Virat Kohli’s 23 in Rajkot in the second ODI versus New Zealand looked like one of those “he got in… then got out” moments that instantly becomes a talking point.
But if you zoom out and treat getting out in the 20s as a proper data problem, it actually ends up reading like a compliment to his ODI career – not a flaw.
The Rajkot 23 was a reminder
Across Kohli’s ODI career, he has:
- 310 ODIs, 298 innings, 47 not outs
- 14,673 runs at an average of 58.45
- 53 hundreds, 77 fifties
Those 47 not outs matter, because they tell you how many times he actually got dismissed:
298 innings – 47 not outs = 251 dismissals
Now let us see this through the 20s lens:
Kohli has 27 ODI innings where he finished between 20 and 29. Only two of those were not outs. So, he has been dismissed in the 20s exactly 25 times.

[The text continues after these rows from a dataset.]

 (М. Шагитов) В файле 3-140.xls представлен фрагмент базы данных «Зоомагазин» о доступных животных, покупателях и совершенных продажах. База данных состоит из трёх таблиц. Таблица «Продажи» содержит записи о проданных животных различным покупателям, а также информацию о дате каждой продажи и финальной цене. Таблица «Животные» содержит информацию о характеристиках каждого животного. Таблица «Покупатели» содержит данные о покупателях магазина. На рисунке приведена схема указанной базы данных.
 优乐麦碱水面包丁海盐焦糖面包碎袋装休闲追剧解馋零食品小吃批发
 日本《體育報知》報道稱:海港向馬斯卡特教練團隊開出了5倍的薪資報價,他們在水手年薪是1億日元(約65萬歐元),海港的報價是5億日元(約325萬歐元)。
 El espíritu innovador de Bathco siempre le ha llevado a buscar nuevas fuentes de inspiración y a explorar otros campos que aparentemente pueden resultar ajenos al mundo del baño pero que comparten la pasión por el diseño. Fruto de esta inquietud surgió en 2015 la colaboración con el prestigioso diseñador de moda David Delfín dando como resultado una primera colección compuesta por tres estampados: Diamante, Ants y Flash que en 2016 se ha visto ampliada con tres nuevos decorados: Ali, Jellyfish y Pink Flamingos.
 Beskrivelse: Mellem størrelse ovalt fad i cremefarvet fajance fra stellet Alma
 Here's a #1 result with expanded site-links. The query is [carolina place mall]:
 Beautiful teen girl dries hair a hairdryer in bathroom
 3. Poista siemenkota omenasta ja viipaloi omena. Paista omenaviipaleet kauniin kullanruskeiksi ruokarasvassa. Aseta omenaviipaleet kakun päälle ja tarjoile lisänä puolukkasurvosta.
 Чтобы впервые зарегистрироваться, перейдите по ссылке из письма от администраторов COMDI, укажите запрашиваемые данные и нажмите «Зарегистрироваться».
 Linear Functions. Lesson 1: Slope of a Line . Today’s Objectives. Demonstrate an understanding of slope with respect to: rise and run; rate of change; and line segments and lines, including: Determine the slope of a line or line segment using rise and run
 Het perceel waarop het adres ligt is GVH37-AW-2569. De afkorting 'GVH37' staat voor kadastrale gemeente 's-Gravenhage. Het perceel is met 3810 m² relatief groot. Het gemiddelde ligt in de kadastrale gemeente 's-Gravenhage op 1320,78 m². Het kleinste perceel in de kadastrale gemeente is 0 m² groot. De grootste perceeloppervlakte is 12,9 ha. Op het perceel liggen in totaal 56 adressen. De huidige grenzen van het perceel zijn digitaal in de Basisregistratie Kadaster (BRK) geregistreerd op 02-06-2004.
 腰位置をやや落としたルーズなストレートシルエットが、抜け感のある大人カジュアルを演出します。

Here is what those 25 dismissals in the 20s mean in context:
- As a share of dismissals: 25 out of 251 = about 10%
- As a share of innings: 25 out of 298 = 8.38%
So roughly nine out of every ten Kohli ODI innings do not end in the 20s, they mostly push beyond that.
That is why a Kohli 23 feels newsworthy in the first place: because it’s very unusual for him to end there.

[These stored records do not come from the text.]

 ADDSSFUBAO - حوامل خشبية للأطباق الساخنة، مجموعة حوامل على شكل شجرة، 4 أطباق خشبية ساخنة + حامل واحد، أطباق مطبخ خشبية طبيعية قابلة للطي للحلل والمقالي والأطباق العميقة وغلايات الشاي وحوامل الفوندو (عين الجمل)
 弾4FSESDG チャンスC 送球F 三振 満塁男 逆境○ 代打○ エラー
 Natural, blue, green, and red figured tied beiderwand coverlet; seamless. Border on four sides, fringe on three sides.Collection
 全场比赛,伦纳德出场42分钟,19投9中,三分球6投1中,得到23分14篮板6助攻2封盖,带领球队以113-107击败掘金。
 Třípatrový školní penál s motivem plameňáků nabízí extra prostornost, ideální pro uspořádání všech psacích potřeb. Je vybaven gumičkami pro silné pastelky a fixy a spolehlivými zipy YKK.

Why the 20s the right place to appreciate Virat Kohli
In ODIs, the 20s are basically the sport’s most annoying limbo:
- You have spent time.
- You have absorbed pressure.
- You have done the hard part.
- And yet, the scorecard reads mid.
For many batters, that limbo becomes a frequent address. For Virat Kohli, it’s a brief stepover.
The easiest way to see it: 53 ODI hundred and 77 fifties across 298 innings is an outrageous conversion volume, and you don’t build that kind of conversion career if you are routinely dying on 20-29.
So Rajkot isn’t exposing a long-term weakness. It shows the cost of doing business in the toughest batting job in ODIs: playing top order, facing the newer ball, and still keeping an average north of 58.
What Rajkot actually said
Rajkot ended up being New Zealand’s story. India’s 284/7 was a strong score, but not a knockout punch, and New Zealand’s effort made the match about one thing: control in the chase. Daryl Mitchell’s 131* and his stand with Will Young swung the game.
That context matters, because in matches like this, every start gets magnified: you start mentally adding 25-30 runs to the total and wondering if the game changes.
Sometimes it does. Often it doesn’t. But what the data says is: if you are looking for a batter whose ODI career rarely gets stuck in the 20s, Kohli is basically the poster boy.